'This is Dean Murnith.'
Then he went away.
'Ah,' said the Dean,
'I understand you were lost the other night in the marshes.
It was a terrible night to be lost in the marshes.'
'I love the marshes,' said the little Wild Thing with the new soul.
'Indeed!
How old are you?' said the Dean.
'I don't know,' she answered.
'You must know about how old you are,' he said.
'Oh, about ninety,' she said, 'or more.'
'Ninety years!' exclaimed the Dean.
'No, ninety centuries,' she said;
'I am as old as the marshes.'
Then she told her story—how she had longed to be a human and go and worship God, and have a soul and see the beauty of the world, and how all the Wild Things had made her a soul of gossamer and mist and music and strange memories.
'But if this is true,' said Dean Murnith, 'this is very wrong.
God cannot have intended you to have a soul.
'What is your name?'
'I have no name,' she answered.
'We must find a Christian name and a surname for you.
What would you like to be called?'
'Song of the Rushes,' she said.
'That won't do at all,' said the Dean.
'Then I would like to be called Terrible North Wind, or Star in the Waters,' she said.
'No, no, no,' said Dean Murnith; 'that is quite impossible.
We could call you Miss Rush if you like.
How would Mary Rush do?
Perhaps you had better have another name—say Mary Jane Rush.'
So the little Wild Thing with the soul of the marshes took the names that were offered her, and became Mary Jane Rush.
'And we must find something for you to do,' said Dean Murnith.
'Meanwhile we can give you a room here.'
'I don't want to do anything,' replied Mary Jane; 'I want to worship God in the cathedral and live beside the marshes.'
Then Mrs. Murnith came in, and for the rest of that day Mary Jane stayed at the house of the Dean.

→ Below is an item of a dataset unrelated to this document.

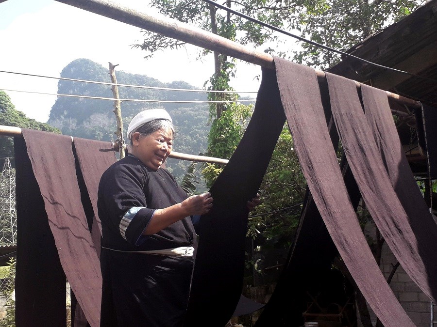 El primer paso es teñir la tela. Las ramas y los tallos de añil son cortados y macerados en agua unos días hasta dar una pasta de color azul oscuro intenso. La coloración se realiza con esta masa, disuelta en agua a proporción del gusto de cada uno. Normalmente, una tela de 9 o 10 metros de largo es remojada durante una hora en ese líquido y luego secada bajo el sol durante el mismo tiempo. El proceso se repite durante un mes hasta obtener un color índigo uniforme. El secreto consiste en la cantidad de cal que se le echa. Según Luong Thi Xuan, de la etnia Nung y radicada en el distrito de Quang Yen, provincia de Cao Bang, el resultado de la coloración depende mucho de este paso, ya que puede dar un color menos o más oscuro.

And there with her new soul she perceived the beauty of the world; for it came grey and level out of misty distances, and widened into grassy fields and ploughlands right up to the edge of an old gabled town; and solitary in the fields far off an ancient windmill stood, and his honest hand-made sails went round and round in the free East Anglian winds.
Close by, the gabled houses leaned out over the streets, planted fair upon sturdy timbers that grew in the olden time, all glorying among themselves upon their beauty.
And out of them, buttress by buttress, growing and going upwards, aspiring tower by tower, rose the cathedral.
And she saw the people moving in the streets all leisurely and slow, and unseen among them, whispering to each other, unheard by living men and concerned only with bygone things, drifted the ghosts of very long ago.
And wherever the streets ran eastwards, wherever were gaps in the houses, always there broke into view the sight of the great marshes, like to some bar of music weird and strange that haunts a melody, arising again and again, played on the violin by one musician only, who plays no other bar, and he is swart and lank about the hair and bearded about the lips, and his moustache droops long and low, and no one knows the land from which he comes.
All these were good things for a new soul to see.
Then the sun set over green fields and ploughland and the night came up.
One by one the merry lights of cheery lamp-lit windows took their stations in the solemn night.
Then the bells rang, far up in a cathedral tower, and their melody fell on the roofs of the old houses and poured over their eaves until the streets were full, and then flooded away over green fields and plough, till it came to the sturdy mill and brought the miller trudging to evensong, and far away eastwards and seawards the sound rang out over the remoter marshes.
And it was all as yesterday to the old ghosts in the streets.
Then the Dean's wife took Mary Jane to evening service, and she saw three hundred candles filling all the aisle with light.
But sturdy pillars stood there in unlit vastnesses; great colonnades going away into the gloom, where evening and morning, year in year out, they did their work in the dark, holding the cathedral roof aloft.
And it was stiller than the marshes are still when the ice has come and the wind that brought it has fallen.
Suddenly into this stillness rushed the sound of the organ, roaring, and presently the people prayed and sang.
No longer could Mary Jane see their prayers ascending like thin gold chains, for that was but an elfin fancy, but she imagined clear in her new soul the seraphs passing in the ways of Paradise, and the angels changing guard to watch the World by night.
When the Dean had finished service, a young curate, Mr. Millings, went up into the pulpit.
He spoke of Abana and Pharpar, rivers of Damascus: and Mary Jane was glad that there were rivers having such names, and heard with wonder of Nineveh, that great city, and many things strange and new.